- Awarded for: Medical excellence in the area of clinical or public health
- Sponsored by: Chilean Academy of Medicine [es]; Association of Medical Faculties of Chile; Association of Medical Scientific Societies of Chile; Medical College of Chile;
- Date: 27 April
- Country: Chile
- First award: 2002

= National Prize for Medicine =

Award from the Chilean Academy of Medicine

The National Prize for Medicine (Premio Nacional de Medicina) was created in 2001 by the Chilean Academy of Medicine, the Association of Medical Faculties, the Association of Medical Scientific Societies, and the Medical College of Chile.

It is given to recognize the work of those doctors who have excelled among their peers in the area of clinical or public health and, in addition, have had a prominent role in teaching, academic administration, or research.

The prize consists of a diploma, a commemorative medal, and an amount of money that is contributed by the medical community.

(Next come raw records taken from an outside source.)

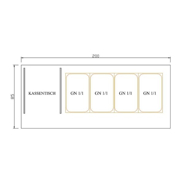 Saladette werkbank + kast element | met luchtcirculatie | 4x GN 1/1 | 2000x850x1300(h)mm
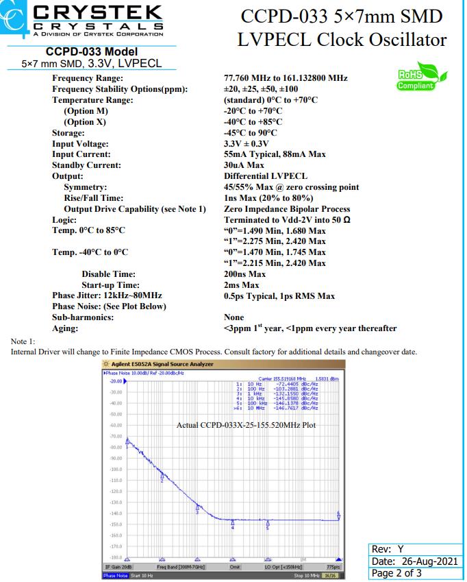 Crystek有源晶體,CCPD-033振蕩器,CCPD-033X-25-150.000晶振
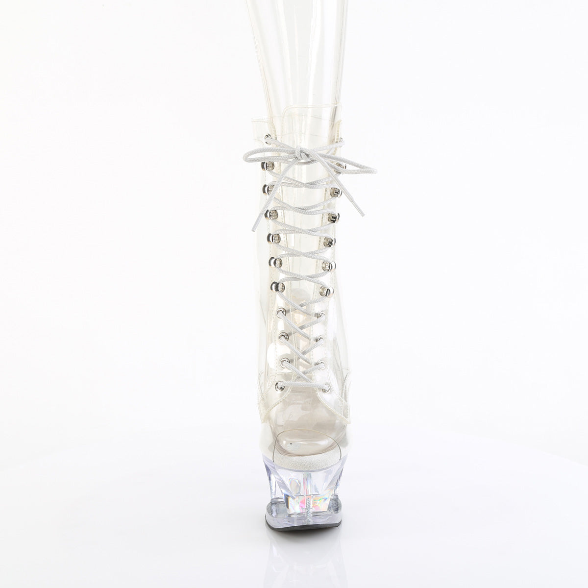 Montrez sous les projecteurs avec ces bottines à lacets captivants. Avec un talon de 7 » et une plateforme découpée de 2 3/4 », ils offrent à la fois hauteur et attrait, tandis que les magnifiques prismes en cristal en forme de goutte d’eau irisés de 50 mm AB dans la découpe de la plateforme ajoutent une touche de glamour. Avec une fermeture éclair latérale intérieure, ces bottes sont le parfait mélange de style et de commodité.

It is awarded every two years.

==Winners==
- 2002: Julio Meneghello, surgeon of the University of Chile, pediatrician
- 2004: Helmut Jaeger, surgeon of the University of Chile, pediatric heart surgeon
- 2006: Alejandro Goic Goic, surgeon of the University of Chile, internist and gastroenterologist
- 2008: Esteban Parrochia, surgeon of the University of Chile, internist
- 2010: Rodolfo Armas Merino, surgeon of the University of Chile, internist and gastroenterologist
- 2012: Fernando Mönckeberg Barros, medical surgeon of the University of Chile
- 2014: Juan Verdaguer Tarradella, surgeon of the University of Chile, ophthalmologist
- 2016: Manuel García de los Ríos Álvarez, surgeon of the University of Concepción, internist and diabetologist
- 2018: Otto Dörr Zegers, psychiatrist of the University of Chile (Note: Presentation of the award was postponed after questions were raised about Dörr's past connections with the Colonia Dignidad secret detention camp. Dörr denied the allegations, stating his involvement was "absolutely marginal". Ethical hearings continued for several months.)